## Task to carry out
Leaving out all pictures, transcribe exactly the lines between the line with "Nuestro botines de" and the last line of the records below, both included.

## Data shown
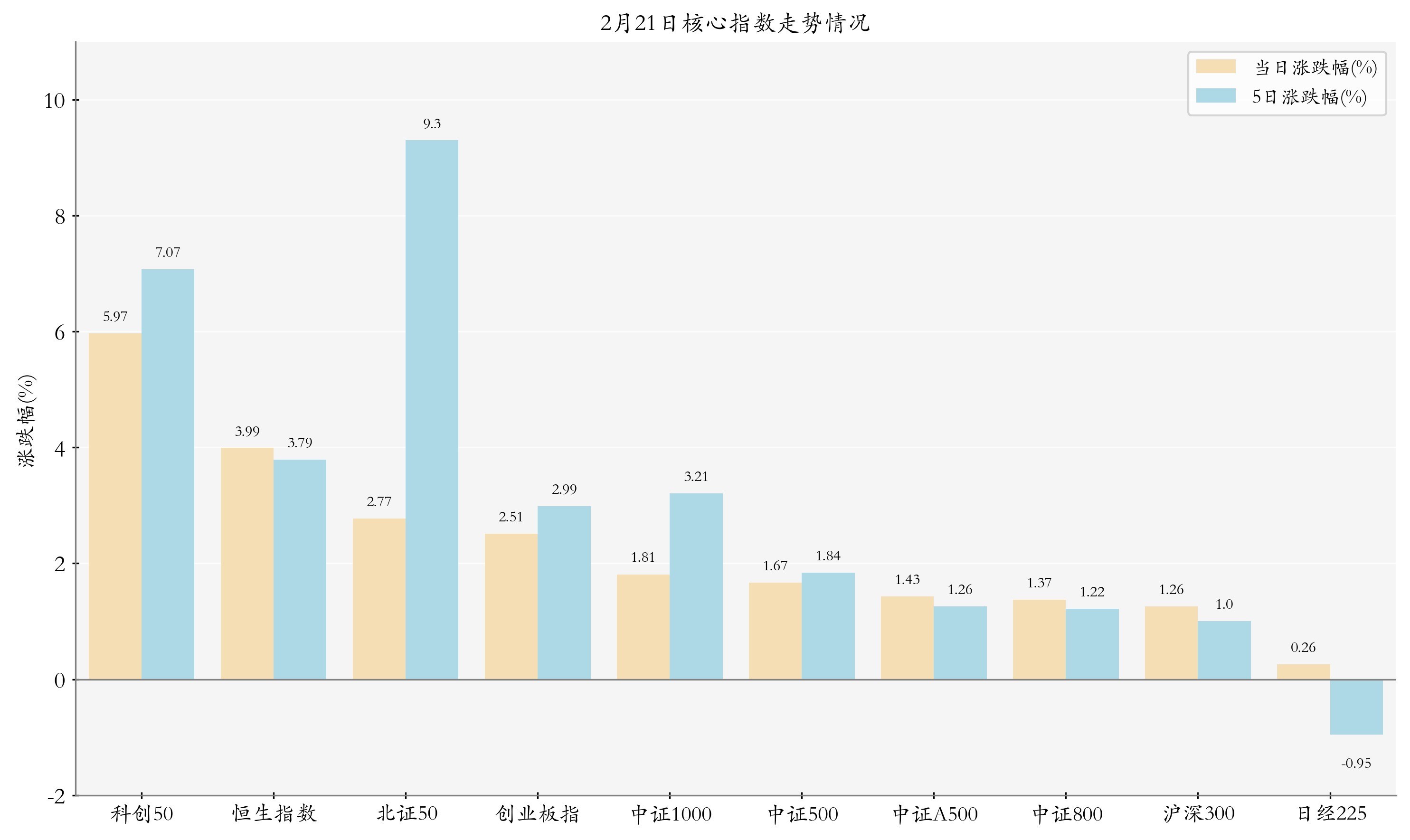 二、今日行情速览1. 指数走势统计A股与海外主要核心指数走势,今日(2月21日,下同)三大指数集体上涨,其中上证指数上涨0.85%,收于3379.11点,日内最高3381.06点;深证成指上涨1.82%,收于10991.37点,日内最高11003.95点;创业板指上涨2.51%,收于2281.51点,日内最高2284.04点。今日科创50、恒生指数与北证50走势排名靠前,日涨跌幅分别为5.97%、3.99%与2.77%;近5个交易日北证50、科创50与恒生指数的走势排名靠前,近5日涨跌幅分别为9.3%、7.07%与3.79%。
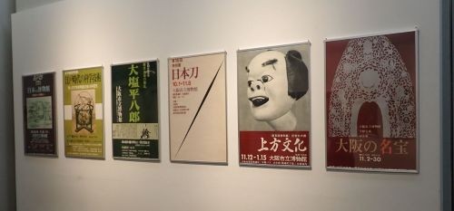 会場のなかほどにある休憩スペースの通路には、大阪歴史博物館の前身、大阪市立博物館の特別展のポスターがずらり。
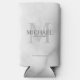 This can cooler features personalised groomsman's name with title and wedding date in grey and monogram in light Nureyev as background, in classic serif font style, on white marble background.
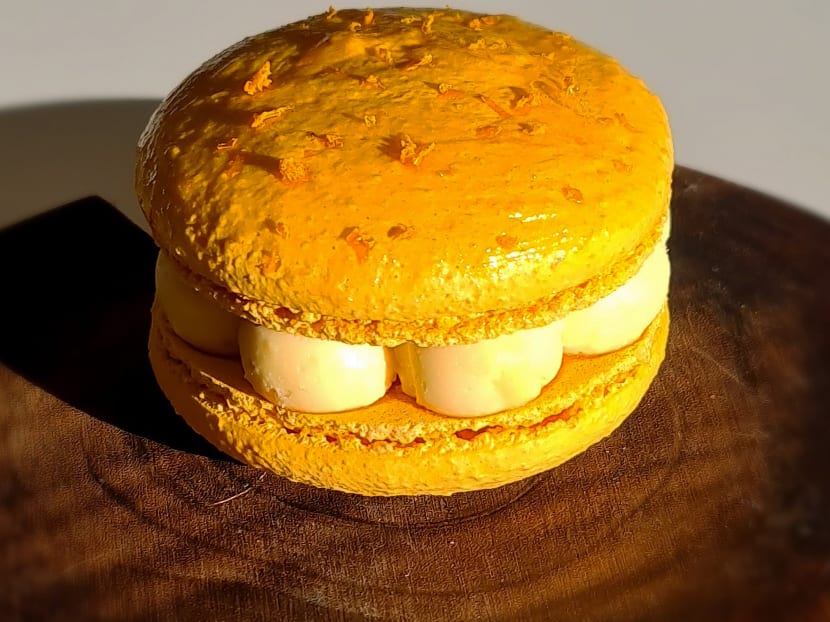 A large macaron stuffed with orange yuzu compote, almond sponge and New York cheesecake filling. Feeds up to two pax.
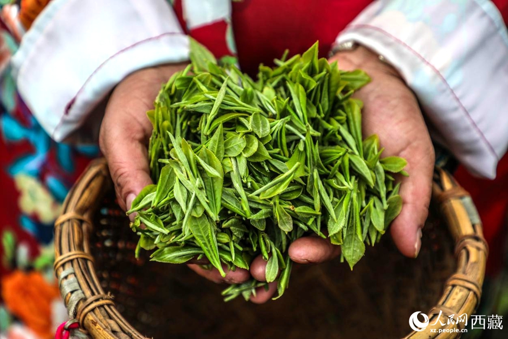Photo shows freshly picked tea leaves in Metok county, Nyingchi city, southwest China's Xizang Autonomous Region. (People's Daily Online/Tsering Norbu)
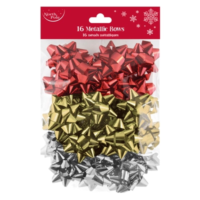 NORTHPOLE TRAD MIX METALLIC BOWS 16PK
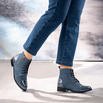 Nuestro botines de mujer color azul y detalles texturados es 100% de Cuero y Chileno. Su taco mide aprox 2.5 cm.
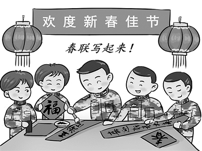 無論鄉村還是城市,春節家家戶戶都要張燈結彩。放鞭炮、貼春聯、逛廟會,其樂融融。能文能武的戰士們,此時也會提筆蘸墨,書寫、張貼春聯和“?!弊?,把天南海北的座座軍營裝點出濃濃年味。

## Reply to the task
 Nuestro botines de mujer color azul y detalles texturados es 100% de Cuero y Chileno. Su taco mide aprox 2.5 cm.
 無論鄉村還是城市,春節家家戶戶都要張燈結彩。放鞭炮、貼春聯、逛廟會,其樂融融。能文能武的戰士們,此時也會提筆蘸墨,書寫、張貼春聯和“?!弊?,把天南海北的座座軍營裝點出濃濃年味。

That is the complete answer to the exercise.